Hi Chad,
Firstly let me congratulate you on your book excellent (3.0 version). It is so satisfying to read a book that starts from 3D first. I have started C# about 15 weeks ago, and me a couple of colleagues started a little competition to learn to make a game in 8Weeks to learn and develop our skills:
http://8weekgame.shawson.co.uk/
We finished the games and was a success. I learnt loads from online tutorials and another book "Learning XNA..." which was good. Using the knowledge i have already built up i took the plunge and purchased yours. I thought 3D would be daunting, and it is! Im only on Chapter 4 and lot of concepts i have to re-read to grasp, but im taking it slow so i can take it in. Anyway, i have a question pertaining to the Vertext Buffers (Page 75). NOw i know Vertext Buffers are lists in memory to hold arrays of vertices, which is good. Just one question, is that memory used the Graphic Cards or normal onboard motherboards (Same question for Xbox and PC).

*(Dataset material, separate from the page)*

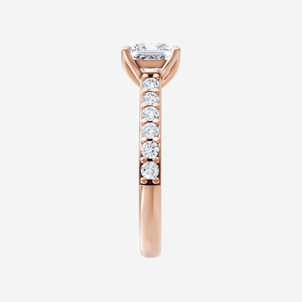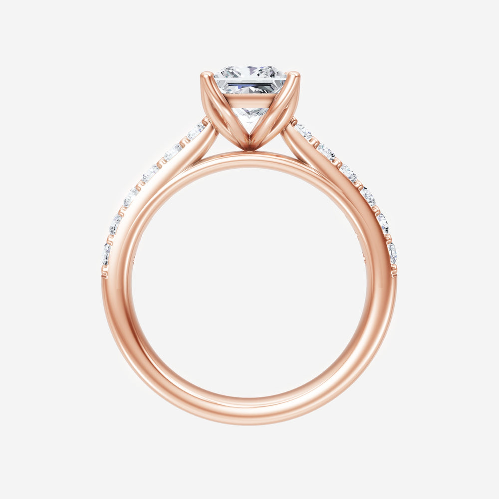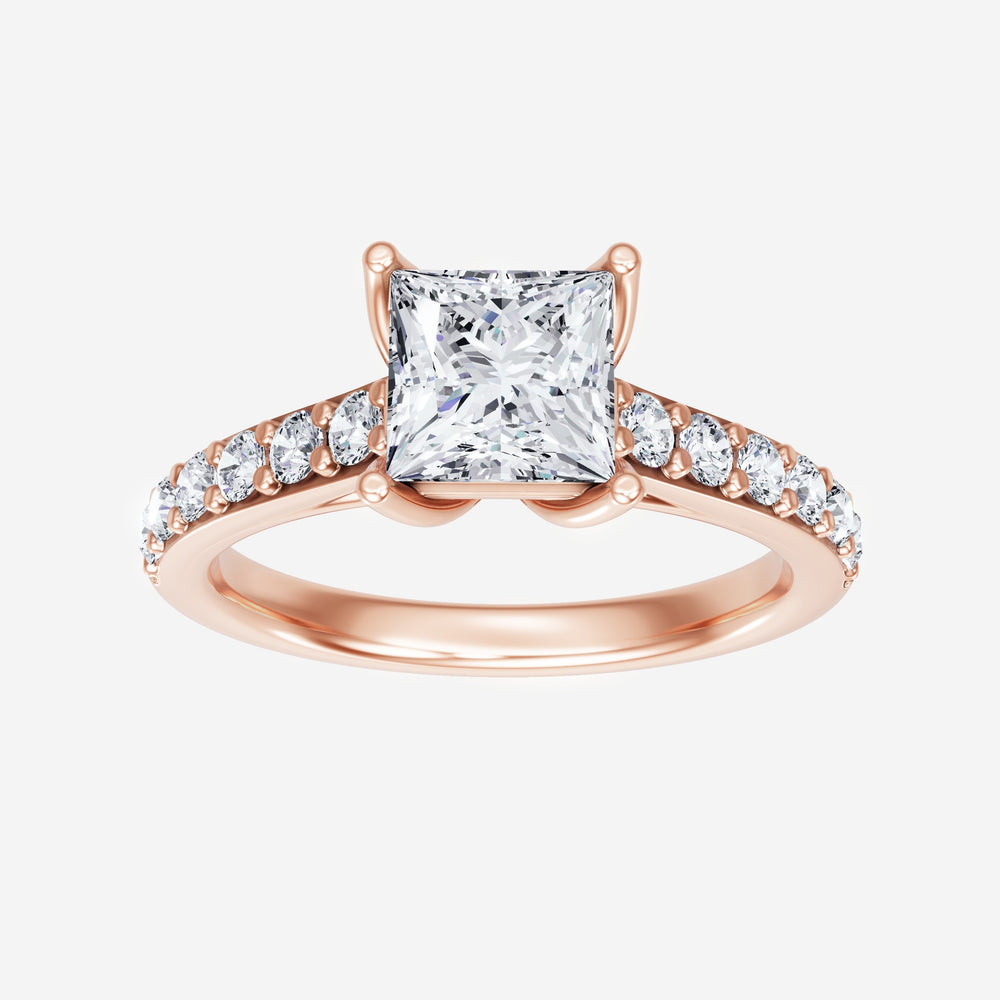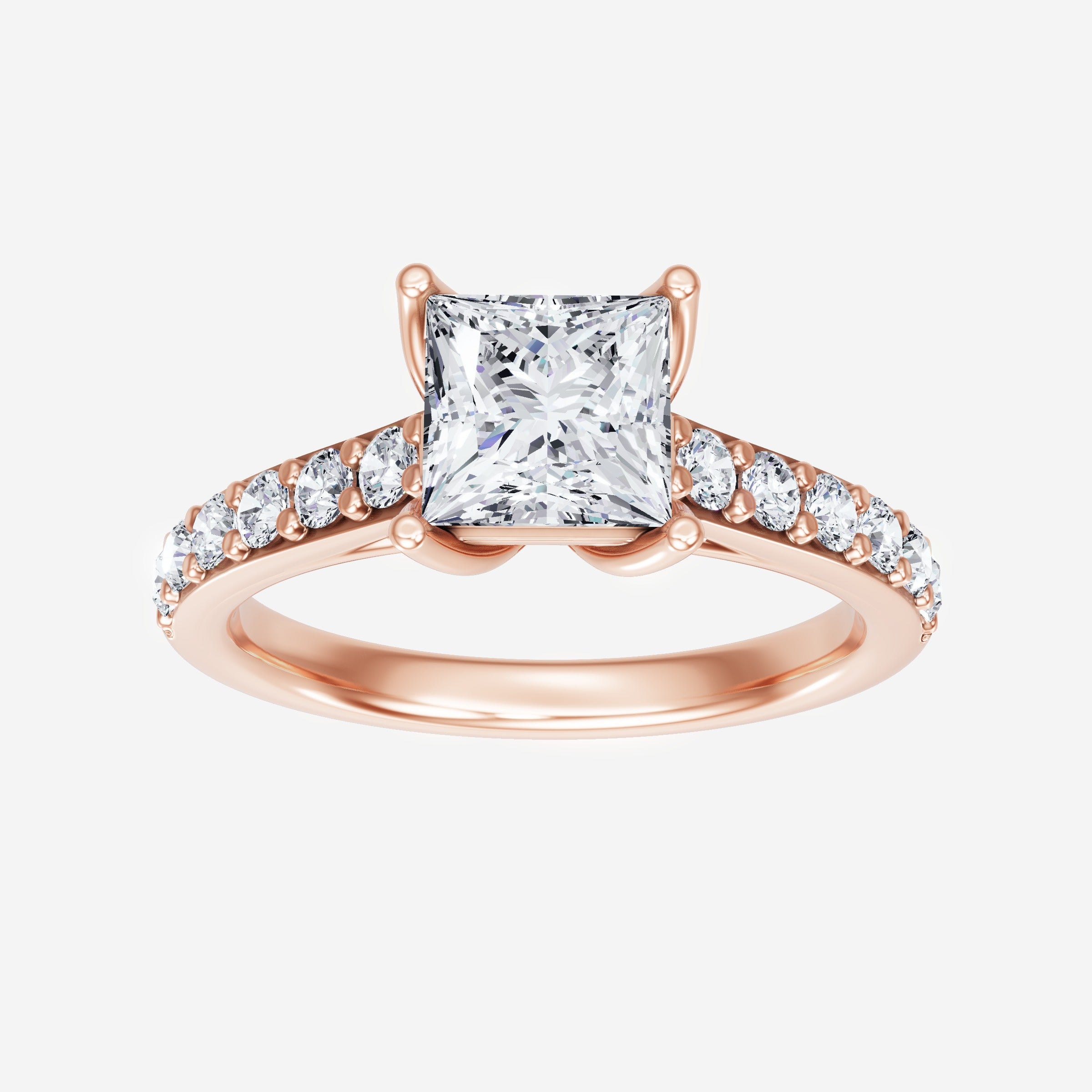 You’ve designed a ring that reflects lasting elegance and grace! Crafted from 14k Rose Gold, this exquisite Princess lab-grown diamond is the centerpiece of this unique design. This Cathedral Diamond Shank with a 4 Prong Flower Head head showcases the brilliance of the Princess diamond, creating a timeless look. A perfect choice to celebrate love, commitment, and everything in between.

Im just wanting to cement my knowledge before moving on.
Cheers Chad :)
::Twitter::8WeekGame::Blog::
I'm glad you are enjoying the book! Sorry it took me a little while to respond - this week has been busy.
You may find this powerpoint interesting:
http://gpgpu.org/static/s2005/slides/lefohn.MemoryModelOverview.ppt
This is very interesting Chad, much appreciated. Another question (sorry!) Does the Garbage Collection run against GPU as well then? Or is this handled by the Graphics Card it self? I only ask because i thought a GPU memory is write only? Or does that mean each scenes vertex data is overriitten.
Garbage Collection is done by the .NET Framework. So garbage collection is only done on the main machine's memory and not the GPU's memory. The SetData call is overwriting the vertex buffer every time.
Thanks Chad, makes perfetc sense, thank you :)
Here is some more information regarding vertex buffers and how they work now in 4.0.
http://blogs.msdn.com/b/shawnhar/archive/2010/07/07/setdataoptions-nooverwrite-versus-discard.aspx
Just figured I would pass it along. Definitely make sure you are keeping an eye on Shawn Hargreaves blog if you aren't already. He was the technical editor of my original book and he has tons of great information.